June 28, 2010
Seattle Rock n Roll Half Marathon - Lucky #7?
Now it was just minutes from the start. I didn't bring any music, and since no one was feeling very chatty, I spent the last moments stretching and thinking about whether I was ready to tackle this time goal. I was not fully trained, but I felt like I had enough miles on the road in the past couple of months to give myself a shot. But a week at home with friends and family made me feel five to ten pounds heavier. And I wasn't too sure how well the wine and a short night sleep were going to sit on my system.
My current best time at a half marathon was 1:55:36 recorded at the Bellingham Bay Marathon in October of 2008. I ran another half a couple months later in Seattle, and was only 30 seconds slower. I have been running on a semi-regular basis since then, and have improved both my 5k and marathon times, so I thought I could meet or improve my PR. The pace group I chose was for a 1:52 finish time, which I though was about perfect - an improvement, but not a huge leap I hadn't put in the training for.

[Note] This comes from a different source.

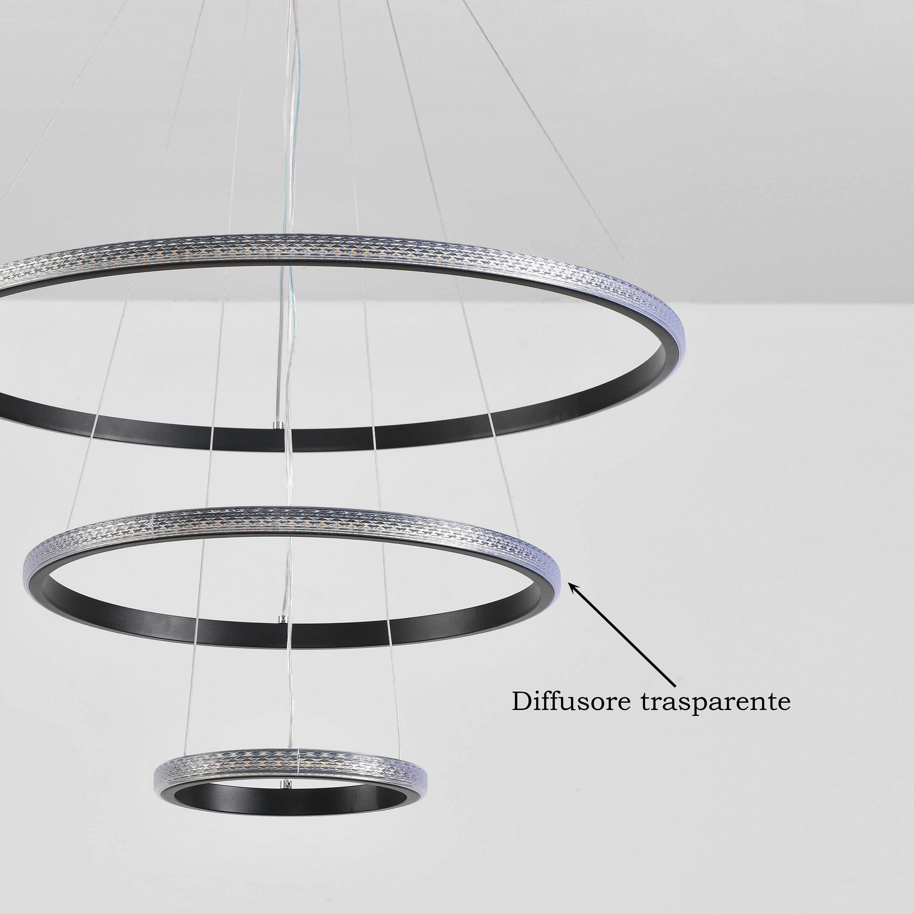 Lampadario a sospensione composto da tre cerchi concentrici, si presenta con uno stile di design moderno e contemporaneo, con possibilità di cambiare 3 tonalità di luce calda 3000 K, naturale 4200 K e fredda 6400 K.

After the Star Spangled Banner (always gets me), the gun went off around 7:00am. Each corral of runners were sent off separately with about a minute of space in between. This is a great way to do things as it eliminates much of the log jams at the start and enables runners to get into their pace relatively quickly. Since I was following a pacer, I didn't have to concern myself with speed and just had to play follow the leader.
At about mile 1, there was an inflatable guitar player sponsored by Brooks. Brooks has teamed up with the Rock n Roll series, and the long-legged archway was on the San Diego course as well.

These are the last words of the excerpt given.